WHAT THE TASK REQUIRES: Copy exactly every line below, from the first through the one that contains "Bhawanipatna (70 km)", and skip all pictures.

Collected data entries
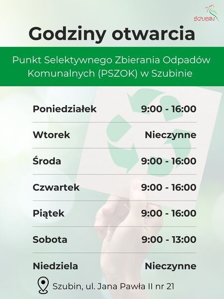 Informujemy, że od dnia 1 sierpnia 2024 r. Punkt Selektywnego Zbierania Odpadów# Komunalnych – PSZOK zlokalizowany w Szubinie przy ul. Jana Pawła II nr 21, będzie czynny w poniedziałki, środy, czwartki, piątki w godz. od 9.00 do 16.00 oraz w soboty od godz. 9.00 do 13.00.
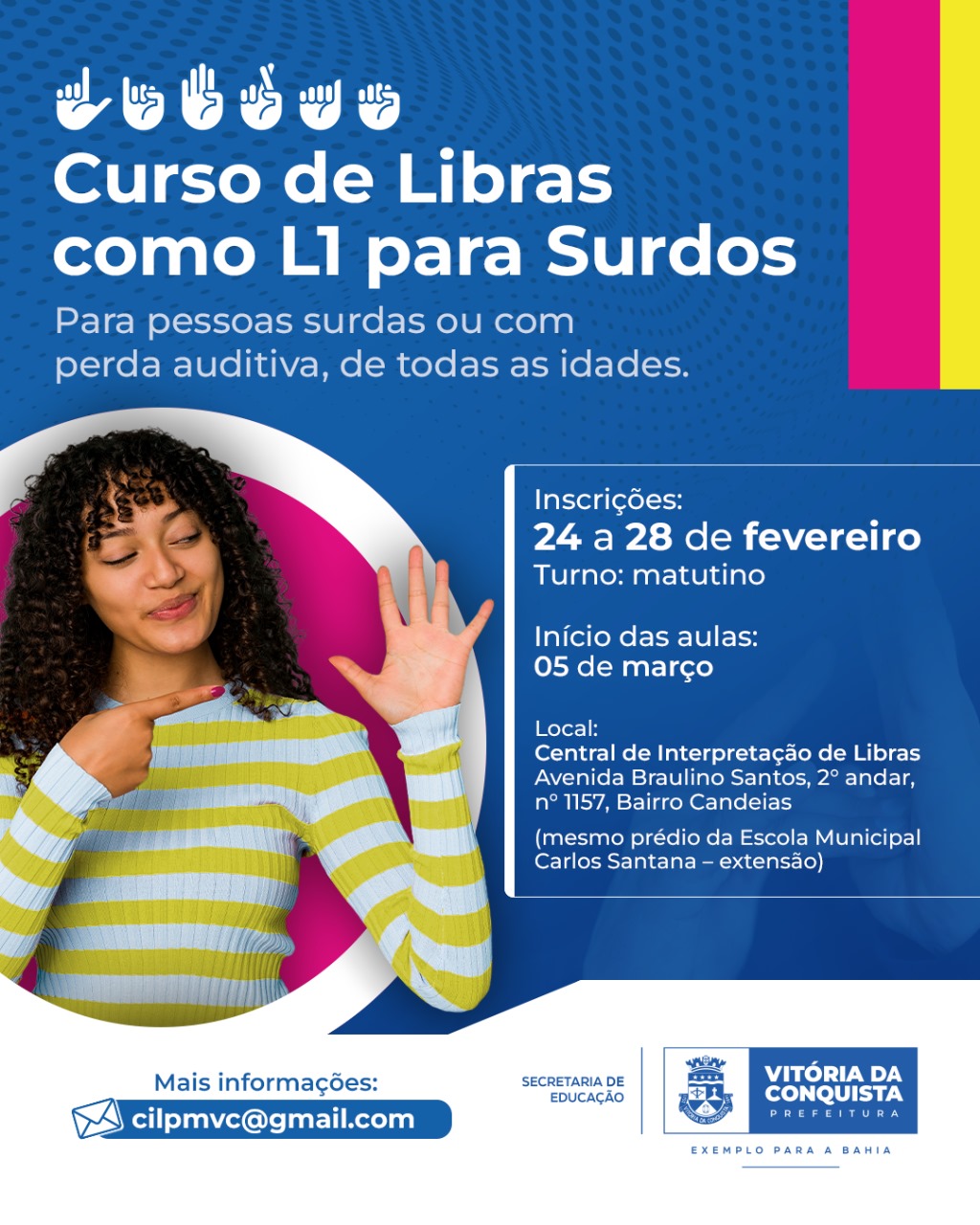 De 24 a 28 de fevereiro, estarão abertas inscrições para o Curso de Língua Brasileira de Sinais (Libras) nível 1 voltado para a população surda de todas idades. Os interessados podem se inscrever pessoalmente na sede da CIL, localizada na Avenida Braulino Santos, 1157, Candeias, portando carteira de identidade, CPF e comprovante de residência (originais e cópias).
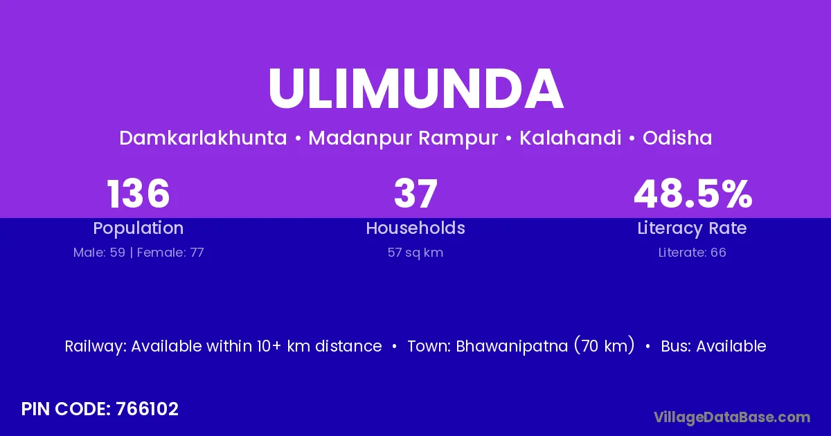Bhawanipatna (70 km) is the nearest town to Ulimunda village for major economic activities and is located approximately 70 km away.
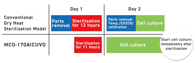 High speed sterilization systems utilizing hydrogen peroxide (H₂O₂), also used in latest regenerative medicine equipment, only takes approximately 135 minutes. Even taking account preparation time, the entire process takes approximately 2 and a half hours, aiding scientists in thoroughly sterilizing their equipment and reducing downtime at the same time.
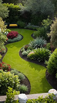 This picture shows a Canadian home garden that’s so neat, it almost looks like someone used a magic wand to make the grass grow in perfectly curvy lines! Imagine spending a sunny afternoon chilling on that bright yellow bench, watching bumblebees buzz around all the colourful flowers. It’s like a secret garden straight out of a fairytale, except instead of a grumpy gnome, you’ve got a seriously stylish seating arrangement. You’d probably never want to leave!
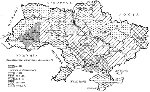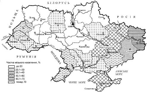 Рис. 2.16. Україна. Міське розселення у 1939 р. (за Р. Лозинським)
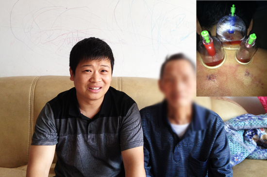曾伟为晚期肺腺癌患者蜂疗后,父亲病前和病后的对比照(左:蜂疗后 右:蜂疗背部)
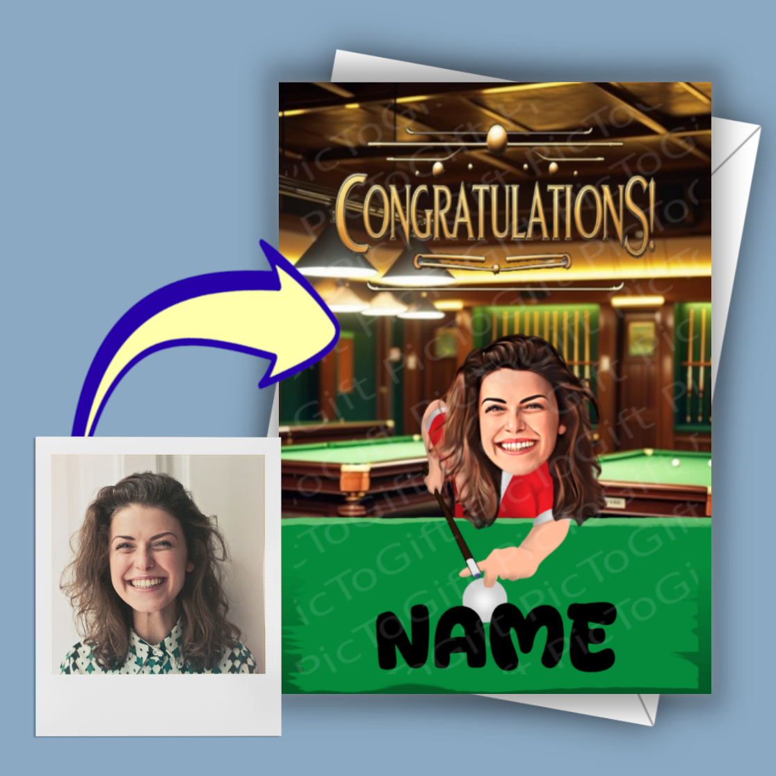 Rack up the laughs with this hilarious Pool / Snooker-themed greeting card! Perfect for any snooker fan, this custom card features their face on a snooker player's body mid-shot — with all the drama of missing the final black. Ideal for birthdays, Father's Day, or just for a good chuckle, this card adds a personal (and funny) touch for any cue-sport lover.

RESULT FOR THIS TASK:
 Informujemy, że od dnia 1 sierpnia 2024 r. Punkt Selektywnego Zbierania Odpadów# Komunalnych – PSZOK zlokalizowany w Szubinie przy ul. Jana Pawła II nr 21, będzie czynny w poniedziałki, środy, czwartki, piątki w godz. od 9.00 do 16.00 oraz w soboty od godz. 9.00 do 13.00.
 De 24 a 28 de fevereiro, estarão abertas inscrições para o Curso de Língua Brasileira de Sinais (Libras) nível 1 voltado para a população surda de todas idades. Os interessados podem se inscrever pessoalmente na sede da CIL, localizada na Avenida Braulino Santos, 1157, Candeias, portando carteira de identidade, CPF e comprovante de residência (originais e cópias).
Bhawanipatna (70 km) is the nearest town to Ulimunda village for major economic activities and is located approximately 70 km away.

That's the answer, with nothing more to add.